• Stored items:
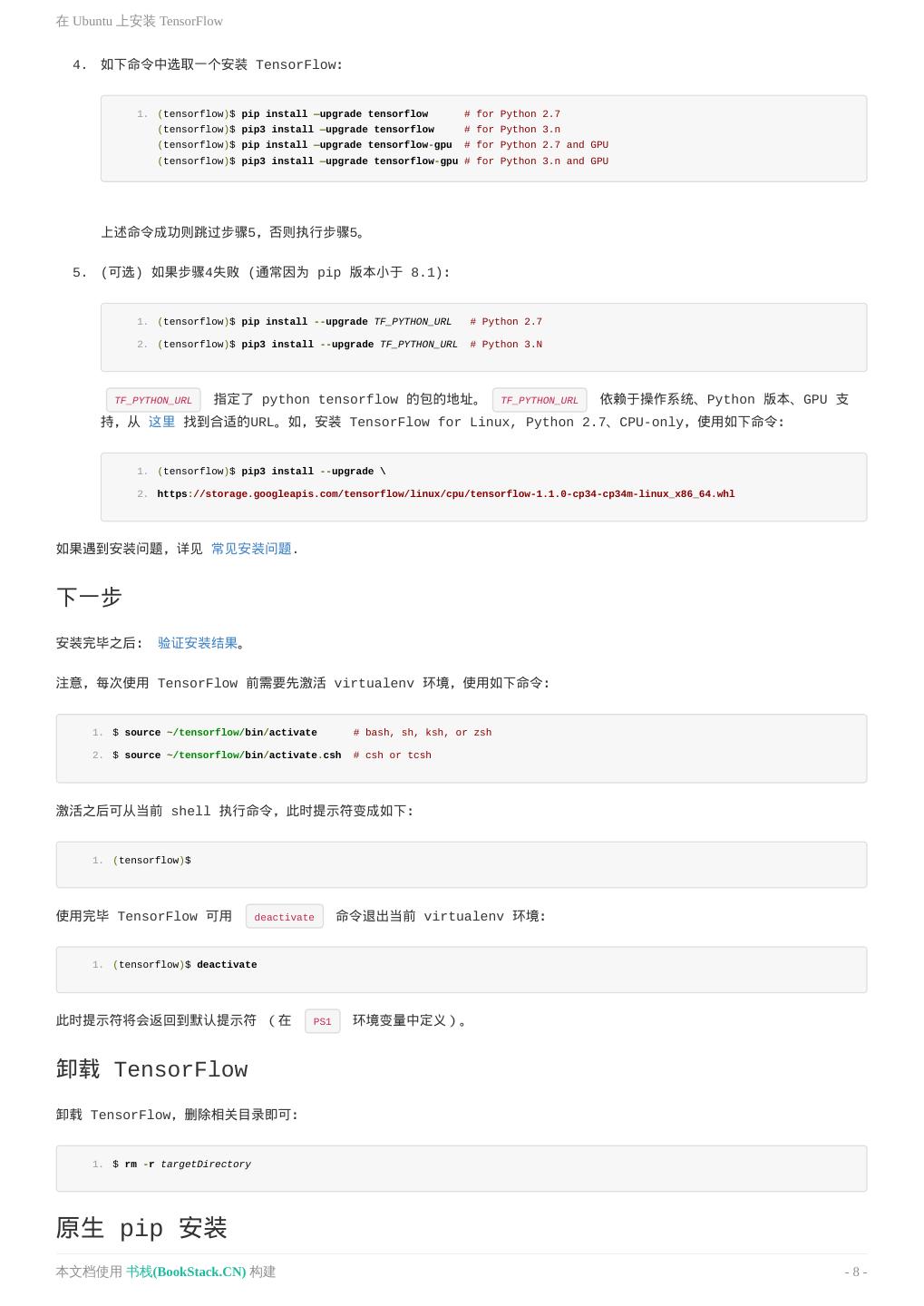 8 .在 Ubuntu 上安装 TensorFlow 4. 如下命令中选取一个安装 TensorFlow: 1. (tensorflow)$ pip install —upgrade tensorflow # for Python 2.7 (tensorflow)$ pip3 install —upgrade tensorflow # for Python 3.n (tensorflow)$ pip install —upgrade tensorflow-gpu # for Python 2.7 and GPU (tensorflow)$ pip3 install —upgrade tensorflow-gpu # for Python 3.n and GPU 上述命令成功则跳过步骤5,否则执行步骤5。 5. (可选) 如果步骤4失败 (通常因为 pip 版本小于 8.1): 1. (tensorflow)$ pip install --upgrade TF_PYTHON_URL # Python 2.7 2. (tensorflow)$ pip3 install --upgrade TF_PYTHON_URL # Python 3.N TF_PYTHON_URL 指定了 python tensorflow 的包的地址。 TF_PYTHON_URL 依赖于操作系统、Python 版本、GPU 支 持,从 这里 找到合适的URL。如,安装 TensorFlow for Linux, Python 2.7、CPU-only,使用如下命令: 1. (tensorflow)$ pip3 install --upgrade \ 2. https://storage.googleapis.com/tensorflow/linux/cpu/tensorflow-1.1.0-cp34-cp34m-linux_x86_64.whl 如果遇到安装问题,详见 常见安装问题. 下一步 安装完毕之后: 验证安装结果。 注意,每次使用 TensorFlow 前需要先激活 virtualenv 环境,使用如下命令: 1. $ source ~/tensorflow/bin/activate # bash, sh, ksh, or zsh 2. $ source ~/tensorflow/bin/activate.csh # csh or tcsh 激活之后可从当前 shell 执行命令,此时提示符变成如下: 1. (tensorflow)$ 使用完毕 TensorFlow 可用 deactivate 命令退出当前 virtualenv 环境: 1. (tensorflow)$ deactivate 此时提示符将会返回到默认提示符 (在 PS1 环境变量中定义)。 卸载 TensorFlow 卸载 TensorFlow,删除相关目录即可: 1. $ rm -r targetDirectory 原生 pip 安装 本文档使用 书栈(BookStack.CN) 构建 - 8 -
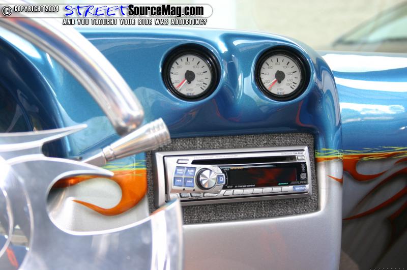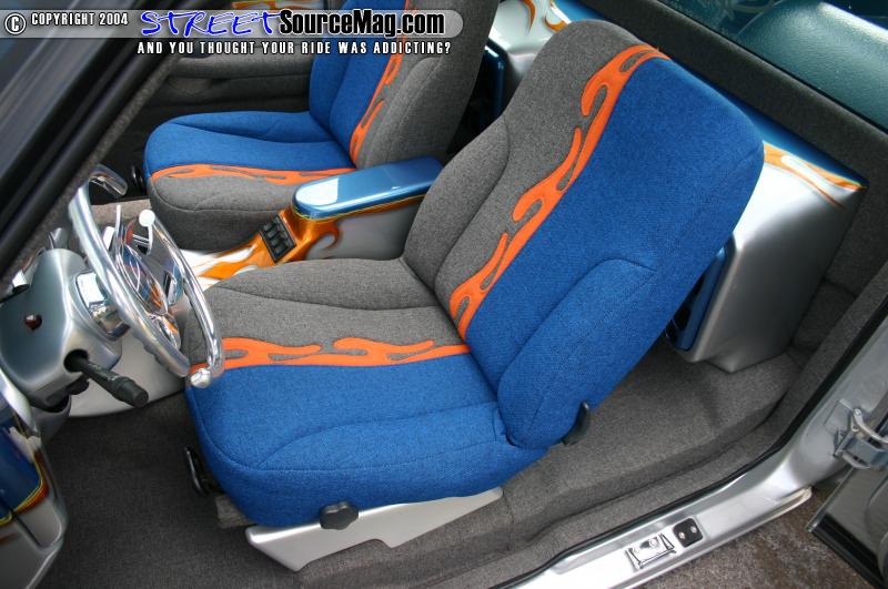 The headliner was wrapped in tweed and the seats were wrapped in blue tweed and grey and orange graphics to match the exterior paint job by Strader’s Upholstery of Milford, DE. Joe’s Car Stereo wired up the Alpine CD player, MS Quart interior speakers, and Kicker Solo baric subs.
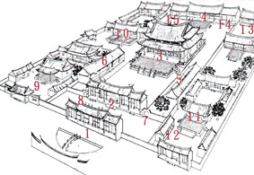 | 圖例 1.櫺星門 2.戟門 3.大成殿 4.崇聖祠 5.東廡 6.西廡 7.義路 8.禮門 9.白沙書院 10.教諭署 11.明倫堂 12.福德祠 13.學廨 14.名宦祠 15.鄉賢祠 |
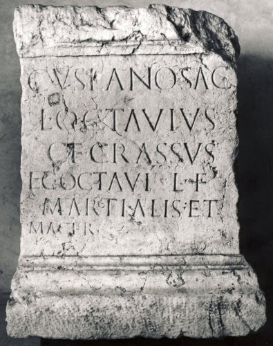 Non sono chiare la natura, l'origine e le competenze del dio Cuslanus ma certamente non si tratta di una divinità romana o ad essa riconducibile: il nome, nè latino nè greco, non ha permesso di avvalorare nessuna delle ipotesi avanzate quanto alla provenienza celtica, retica, venetica o etrusca del dio. La teoria maggiormente accreditata è comunque quella di una provenienza etrusca della divinità (per le diverse ipotesi relative alla provenienza del dio Cuslano si veda la bibliografia di riferimento). L'iscrizione si data alla I metà del I secolo d.C. sulla base di criteri paleografici e del contesto di rinvenimento.
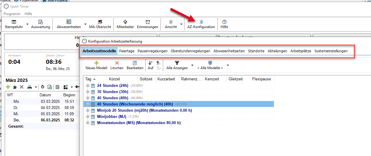 Zur Einstellung der Arbeitszeitmodelle, Feiertage, Pausenregelungen usw. nutzen Sie die AZ-Konfiguration.
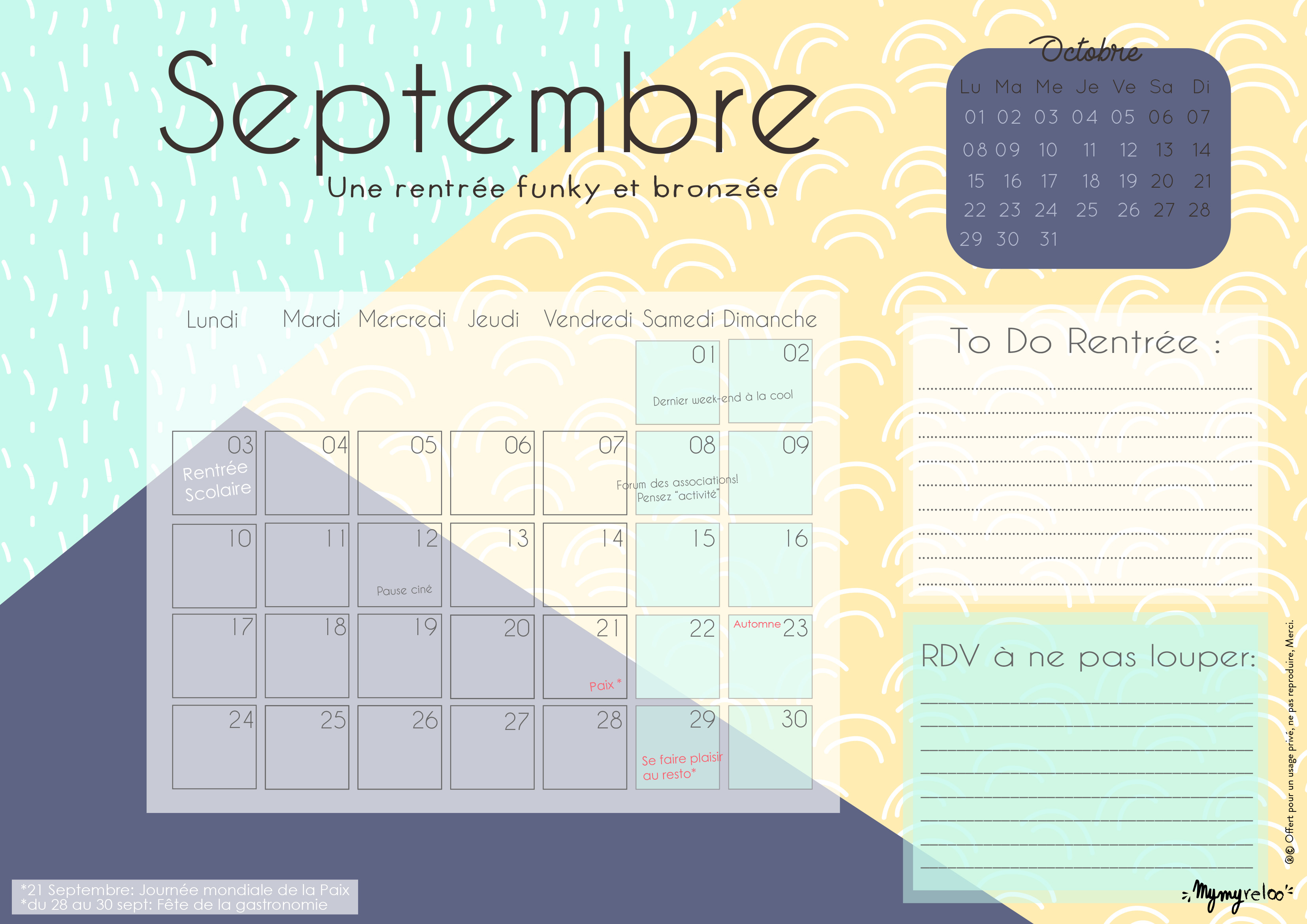 C’est avec quelques jours de retard que je vous poste votre nouveau calendrier, pour le mois de Septembre! Il est simple, graphique et coloré pour une rentrée bien préparée! 😉
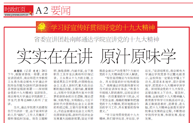 【扬州日报】省委宣讲团赴南邮通达学院宣讲党的十九大精神
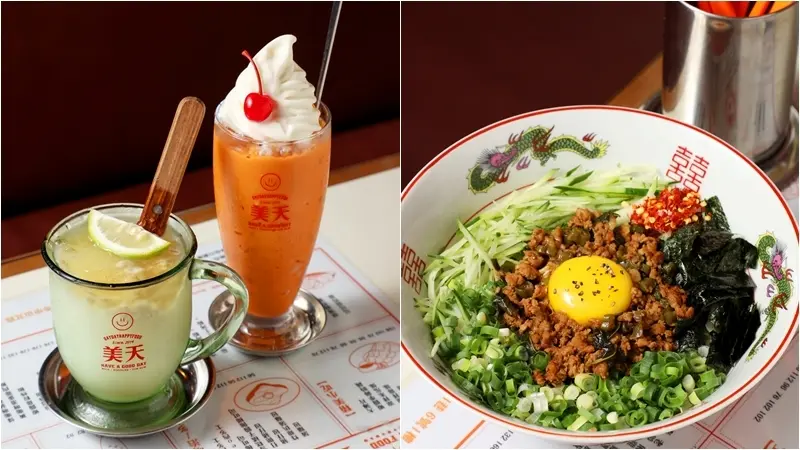 ▲薏仁檸檬82元(左前)/在逐漸變熱的天氣中相當受歡迎,以薏仁湯結合愛玉與檸檬打造清爽口感。霜淇淋泰奶82元(左後)/當泰式奶茶遇上霜淇淋,激盪出去暑甜蜜的好滋味。打拋豬肉麵162元(右)/泰式打拋豬為基底,結合港式撈麵,在麵食盛行的中山區,打造出全新風格。
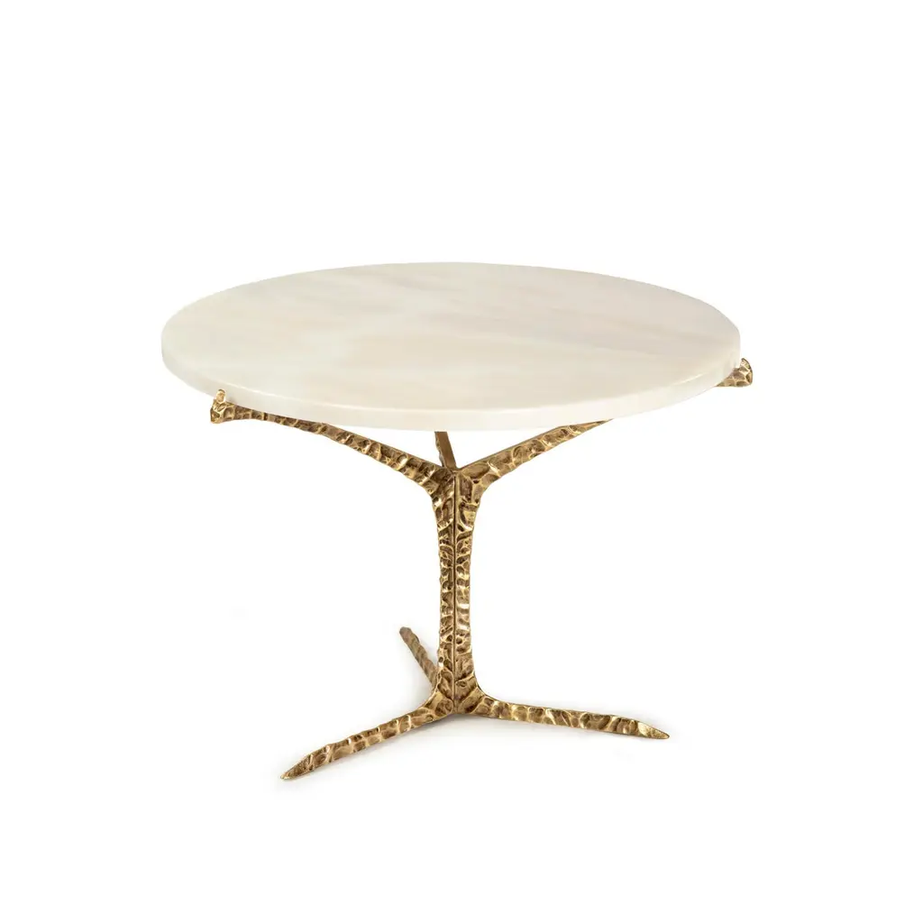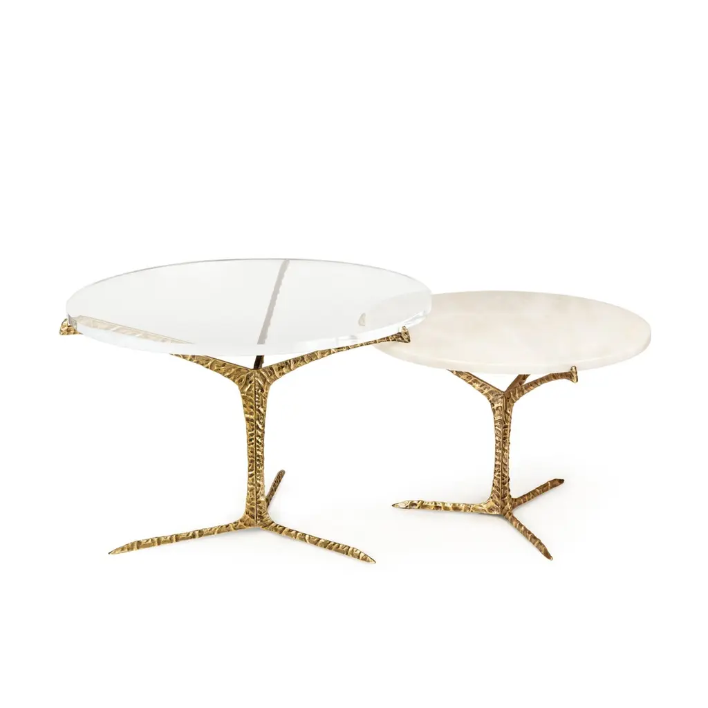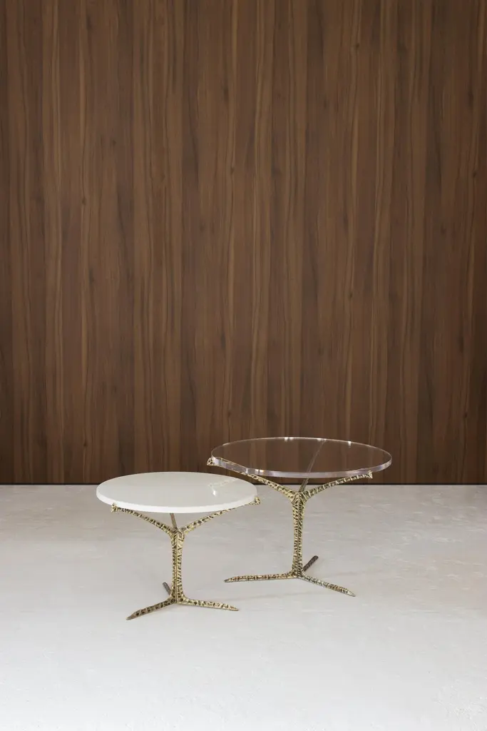 Alentejo coffee tables are a glimpse over the South of Portugal where thousands of cork oaks trees raise their canopies to the sky.Resembling the typical trees that spread across the horizon with their canopies gracefully balanced above the ground, this nature inspired design is based in the beautiful natural forms. The structure in cast brass with patinated effect results of a careful sculpted work that highlights the natural details.Product detailsTop: Estremoz marbleBase: feet in cast brass with patinated effect finished in matte varnish.Product optionsTop: other marbles, wood veneers, acrylic or lacquered in any Ral Classic color finished in matte, half gloss or high gloss varnish.Base: feet in cast brass covered by copper or nickel bath with patinated effect finished in matte, half or high gloss varnish.Weight 17Kg 37.5 lbsMade to order. Custom sizes and other finishes are available under request.Designed by Joana Santos Barbosa for InsidherLand, 2019. Handmade in Portugal.
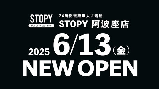 株式会社JAM TRADING(大阪府大阪市/代表取締役 福嶋 政憲)が運営する無人古着屋「STOPY(ストッピー)」は、2025年6月13日(金)12時に「STOPY 阿波座店」をオープンいたします。

• Activity: Please print each record above again exactly, but omit any pictures.

• Response area:
 8 .在 Ubuntu 上安装 TensorFlow 4. 如下命令中选取一个安装 TensorFlow: 1. (tensorflow)$ pip install —upgrade tensorflow # for Python 2.7 (tensorflow)$ pip3 install —upgrade tensorflow # for Python 3.n (tensorflow)$ pip install —upgrade tensorflow-gpu # for Python 2.7 and GPU (tensorflow)$ pip3 install —upgrade tensorflow-gpu # for Python 3.n and GPU 上述命令成功则跳过步骤5,否则执行步骤5。 5. (可选) 如果步骤4失败 (通常因为 pip 版本小于 8.1): 1. (tensorflow)$ pip install --upgrade TF_PYTHON_URL # Python 2.7 2. (tensorflow)$ pip3 install --upgrade TF_PYTHON_URL # Python 3.N TF_PYTHON_URL 指定了 python tensorflow 的包的地址。 TF_PYTHON_URL 依赖于操作系统、Python 版本、GPU 支 持,从 这里 找到合适的URL。如,安装 TensorFlow for Linux, Python 2.7、CPU-only,使用如下命令: 1. (tensorflow)$ pip3 install --upgrade \ 2. https://storage.googleapis.com/tensorflow/linux/cpu/tensorflow-1.1.0-cp34-cp34m-linux_x86_64.whl 如果遇到安装问题,详见 常见安装问题. 下一步 安装完毕之后: 验证安装结果。 注意,每次使用 TensorFlow 前需要先激活 virtualenv 环境,使用如下命令: 1. $ source ~/tensorflow/bin/activate # bash, sh, ksh, or zsh 2. $ source ~/tensorflow/bin/activate.csh # csh or tcsh 激活之后可从当前 shell 执行命令,此时提示符变成如下: 1. (tensorflow)$ 使用完毕 TensorFlow 可用 deactivate 命令退出当前 virtualenv 环境: 1. (tensorflow)$ deactivate 此时提示符将会返回到默认提示符 (在 PS1 环境变量中定义)。 卸载 TensorFlow 卸载 TensorFlow,删除相关目录即可: 1. $ rm -r targetDirectory 原生 pip 安装 本文档使用 书栈(BookStack.CN) 构建 - 8 -
 The headliner was wrapped in tweed and the seats were wrapped in blue tweed and grey and orange graphics to match the exterior paint job by Strader’s Upholstery of Milford, DE. Joe’s Car Stereo wired up the Alpine CD player, MS Quart interior speakers, and Kicker Solo baric subs.
 | 圖例 1.櫺星門 2.戟門 3.大成殿 4.崇聖祠 5.東廡 6.西廡 7.義路 8.禮門 9.白沙書院 10.教諭署 11.明倫堂 12.福德祠 13.學廨 14.名宦祠 15.鄉賢祠 |
 Non sono chiare la natura, l'origine e le competenze del dio Cuslanus ma certamente non si tratta di una divinità romana o ad essa riconducibile: il nome, nè latino nè greco, non ha permesso di avvalorare nessuna delle ipotesi avanzate quanto alla provenienza celtica, retica, venetica o etrusca del dio. La teoria maggiormente accreditata è comunque quella di una provenienza etrusca della divinità (per le diverse ipotesi relative alla provenienza del dio Cuslano si veda la bibliografia di riferimento). L'iscrizione si data alla I metà del I secolo d.C. sulla base di criteri paleografici e del contesto di rinvenimento.
 Zur Einstellung der Arbeitszeitmodelle, Feiertage, Pausenregelungen usw. nutzen Sie die AZ-Konfiguration.
 C’est avec quelques jours de retard que je vous poste votre nouveau calendrier, pour le mois de Septembre! Il est simple, graphique et coloré pour une rentrée bien préparée! 😉
 【扬州日报】省委宣讲团赴南邮通达学院宣讲党的十九大精神
 ▲薏仁檸檬82元(左前)/在逐漸變熱的天氣中相當受歡迎,以薏仁湯結合愛玉與檸檬打造清爽口感。霜淇淋泰奶82元(左後)/當泰式奶茶遇上霜淇淋,激盪出去暑甜蜜的好滋味。打拋豬肉麵162元(右)/泰式打拋豬為基底,結合港式撈麵,在麵食盛行的中山區,打造出全新風格。
 Alentejo coffee tables are a glimpse over the South of Portugal where thousands of cork oaks trees raise their canopies to the sky.Resembling the typical trees that spread across the horizon with their canopies gracefully balanced above the ground, this nature inspired design is based in the beautiful natural forms. The structure in cast brass with patinated effect results of a careful sculpted work that highlights the natural details.Product detailsTop: Estremoz marbleBase: feet in cast brass with patinated effect finished in matte varnish.Product optionsTop: other marbles, wood veneers, acrylic or lacquered in any Ral Classic color finished in matte, half gloss or high gloss varnish.Base: feet in cast brass covered by copper or nickel bath with patinated effect finished in matte, half or high gloss varnish.Weight 17Kg 37.5 lbsMade to order. Custom sizes and other finishes are available under request.Designed by Joana Santos Barbosa for InsidherLand, 2019. Handmade in Portugal.
 株式会社JAM TRADING(大阪府大阪市/代表取締役 福嶋 政憲)が運営する無人古着屋「STOPY(ストッピー)」は、2025年6月13日(金)12時に「STOPY 阿波座店」をオープンいたします。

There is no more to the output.